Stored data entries

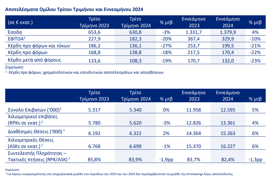 Με τους ανωτέρω περιορισμούς, το Γ’ τρίμηνο η ΑΕGEAN προσέφερε 6,3 εκατ. διαθέσιμες θέσεις, 2% περισσότερες από το Γ’ τρίμηνο του 2023 ενώ μετέφερε 5,3 εκατ. επιβάτες. Η επιβατική κίνηση στο δίκτυο εσωτερικού κατέγραψε αύξηση 6%, ενώ η επιβατική κίνηση του δικτύου εξωτερικού σημείωσε κάμψη 3% σε σχέση με το αντίστοιχο διάστημα του 2023 απόρροια της έκτακτης αναστολής των πτήσεων σε Ισραήλ και Λίβανο. Ο συντελεστής πληρότητας διαμορφώθηκε στο 83,9%. Ο ενοποιημένος κύκλος εργασιών για το Γ’ Τρίμηνο ανήλθε σε €630,8 εκατ. Το ΕΒΙΤDA διαμορφώθηκε στα €182,3 εκατ. με το τελικό αποτέλεσμα να διαμορφώνεται σε Κέρδη προ Φόρων €138,8 εκατ. και σε Κέρδη μετά από Φόρους €108,3 εκατ. από €133,6 εκατ. το Γ’ Τρίμηνο του 2023, μειωμένα κατά 19%.
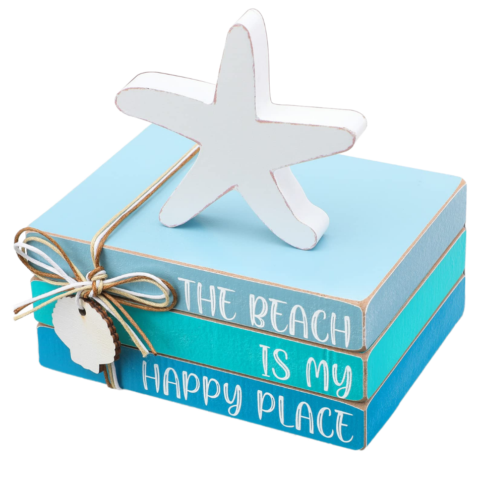 Set di 4 Pezzi Ferdinand per Arredamento Rustico, Vassoio a Più Livelli in Legno Ispirato alla Spiaggia, Mini Pile di Libri in Legno per Decorazioni Casa al Mare
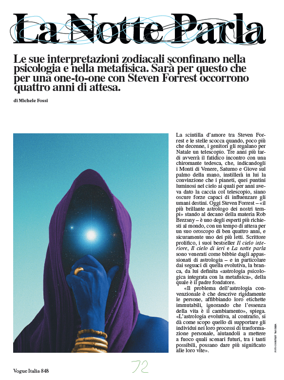 Le sue interpretazioni zodiacali sconfinano nella psicologia e nella metafisica. Sarà per questo che Steven Forrest è così richiesto che per una one-to-one con lui occorrono quattro anni di attesa.
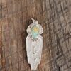 Crafted by Nature’s Hand: Our exquisite pendant, cast using the ancient cuttlefish bone technique, features a corn maiden with fine details and a Royston Turquoise stone. The textured silver surface adds an organic touch, reminiscent of windswept fields. Royston Turquoise, with its intoxicating meld of blue, green, and browns, evokes desert skies and galaxies. Whether you seek symbolism or simply crave a wearable work of art, this pendant celebrates the timeless allure of both corn and gemstones.”
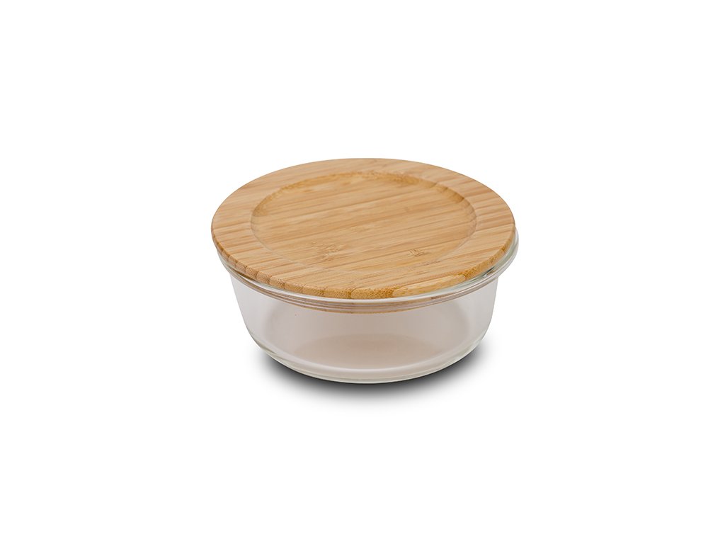 Kulatá skleněná dóza s bambusovým víčkem 600 ml

#### DIRECTIONS FOR THIS TASK
Once the line holding "Crafted by Nature’s" is found, set down that line and every line after it, exactly, through the last line of the records above, omitting pictures.

#### RESULT
 Crafted by Nature’s Hand: Our exquisite pendant, cast using the ancient cuttlefish bone technique, features a corn maiden with fine details and a Royston Turquoise stone. The textured silver surface adds an organic touch, reminiscent of windswept fields. Royston Turquoise, with its intoxicating meld of blue, green, and browns, evokes desert skies and galaxies. Whether you seek symbolism or simply crave a wearable work of art, this pendant celebrates the timeless allure of both corn and gemstones.”
 Kulatá skleněná dóza s bambusovým víčkem 600 ml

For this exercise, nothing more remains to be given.